Viva Biotech certainly makes a good fit. It is the 3rd largest holding in the Open Door China Healthcare Fund (after 3S Bio and CSPC Pharmaceutical), which is a professionally managed option for investing in China Health sector, at least for institutions and HNWs. Ascletis Pharma is also in their portfolio, who had a postive open day to-day. emphsizing the size of the hepatatis market. ZLabs , they have avoided because of its lack of earnings and future visibility thereof, albeit that has not held back stock performance.
Viva itself is a mini ETF for early stage bio- development company, as Travis implies. Their own CRO business may reach $20m this year and they have 50 EFS projects. Not all are successful obviously; but realised gains in 2018 in 4 incubated companies achieved returns in excess of 200%. They have provided drug discovery services to 388 biotech start-ups and major pharma companies worldwide. It has worked on over 1,000 independent drug tartgets and edlivered over 11,000 protein structures: Enasidenib was approved by the FDA in 2017,
Open Door is an SEC-registered asset management company with whom I have an association – not their heathcare fund – and they have maintained a research team in China since 2002.
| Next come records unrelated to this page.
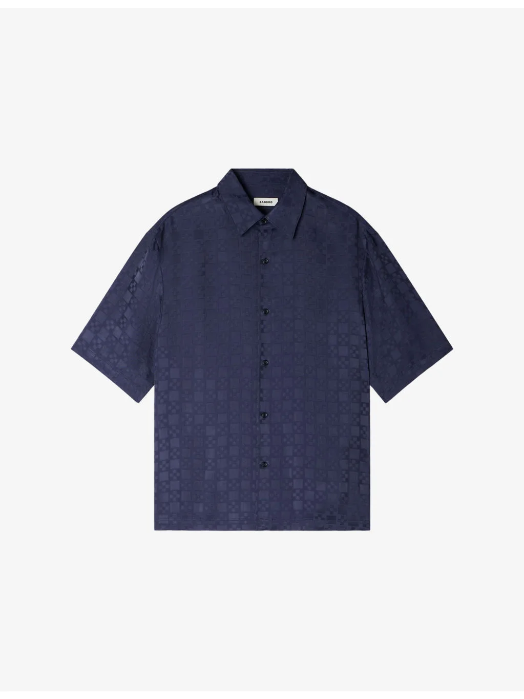 PRODUCT DETAILS - Sandro woven shirt - 100% viscose - Exposed button fastening at front - Relaxed fit, regular collar, short sleeves, all-over square cross print - Dry clean - Model is 6ft 1in/1.85m and wears a size medium - Lightweight, non-stretch Ref: R04603784
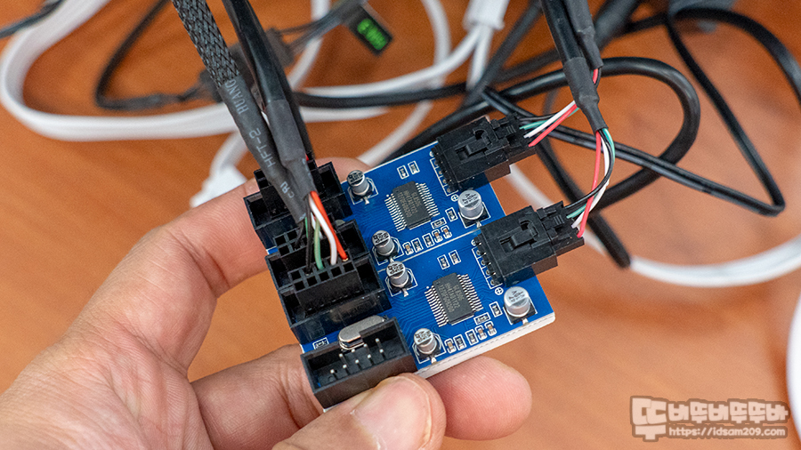 보통의 메인보드는 2개의 USB 2.0 9핀 커넥터를 제공하기에 부족한 USB 2.0 소켓을 위해 사진과 같은 허브를 구입하시면 좀 더 편리하게 조립할 수 있습니다.
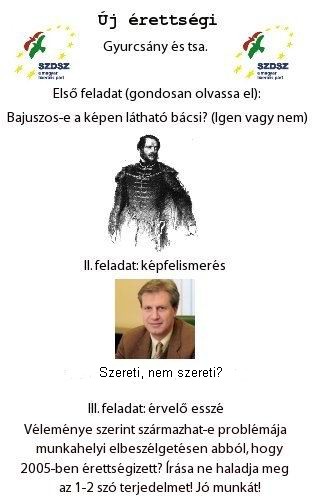 Szerkesztőségünk postaládájába dobva találtuk az alábbi anyagot, amelyről egy magát megnevezni nem akaró minisztériumi tisztviselő elismerte, hogy maga a pótérettségire kidolgozott tételsor. Mindazok, akik az ismert tételkiszivárgás ellenére nem tudták megfelelően elkészíteni érettségi dolgozatukat, az alábbi feladatokat kell megoldják, s megfelelő eredmény esetén akár egyetemi felvételt is érő túlérettségi bizonyítványhoz juthatnak.
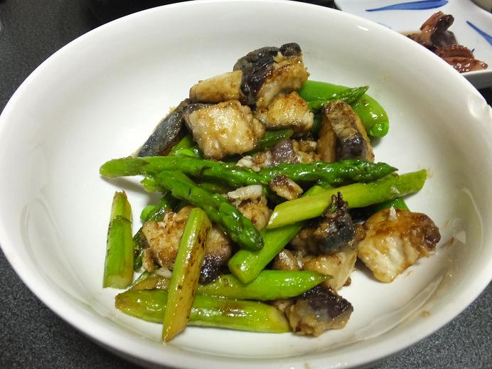 家でも作った、鰆とアスパラのバター醬油炒め
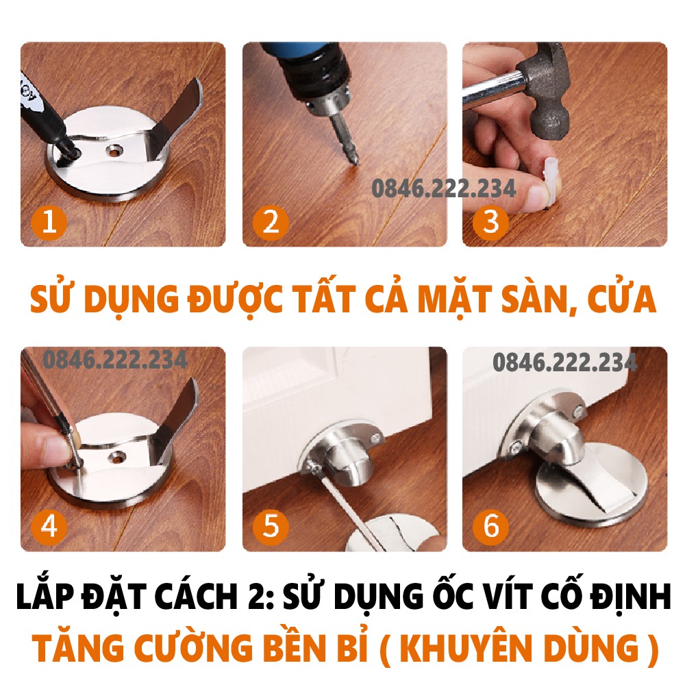 👉 2. Dùng ốc vít bắt vào cửa và khoan nở bắt sàn hoặc tường. Shop khuyến cáo khách hàng nên sử dụng khoan vít để sản phẩm được cố định chắc chắn nhất.
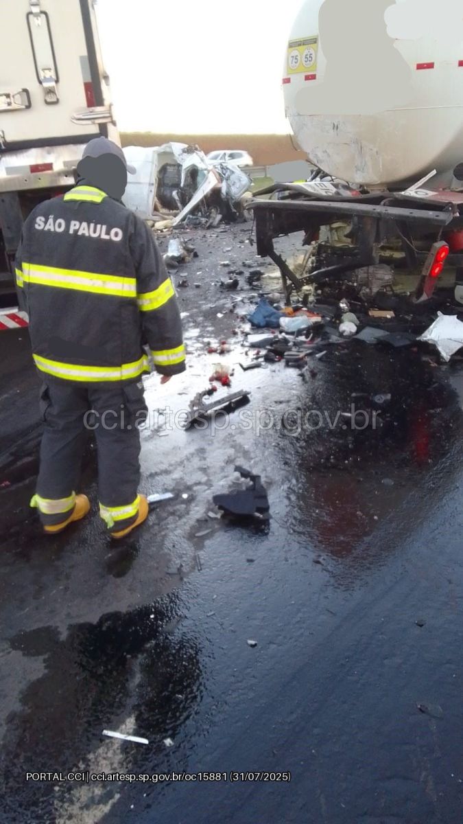 O óbito do motorista da van, cuja identidade ainda não foi divulgada oficialmente, foi confirmado no local às 6h50. Ele não resistiu aos ferimentos causados pelo impacto direto na traseira do caminhão-tanque.
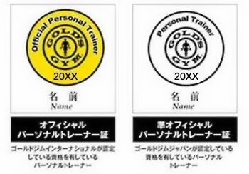 ゴールドジムのオフィシャルパーソナルトレーナーはこのバッジを着けています。
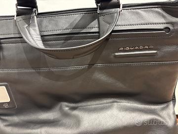 Borsa porta PC Piquadro codice OV2201 in pelle con grande tasca laterale e multiple tasce interne – fascia per aggancio al trolley – dimensioni 42x30 cm, spessore espandibile fino a 7 cm - originale – nuova mai usata – con tracolla e sacco contenitore

I mention that because it is disappointing to read the occasional comment which is dismissive of China, though largely that is the writer’s own loss. The private sector in China is evolving very efficiently in some quarters and broadly is a strong driver in the economy. After suitable due diligence, like anywhere else, there are many good opportunities.
Incidentally yesterday’s stock, Beigene, has just announced its first FDA approval – for Brukinsa (zanubrutinib). Did Amgen know something?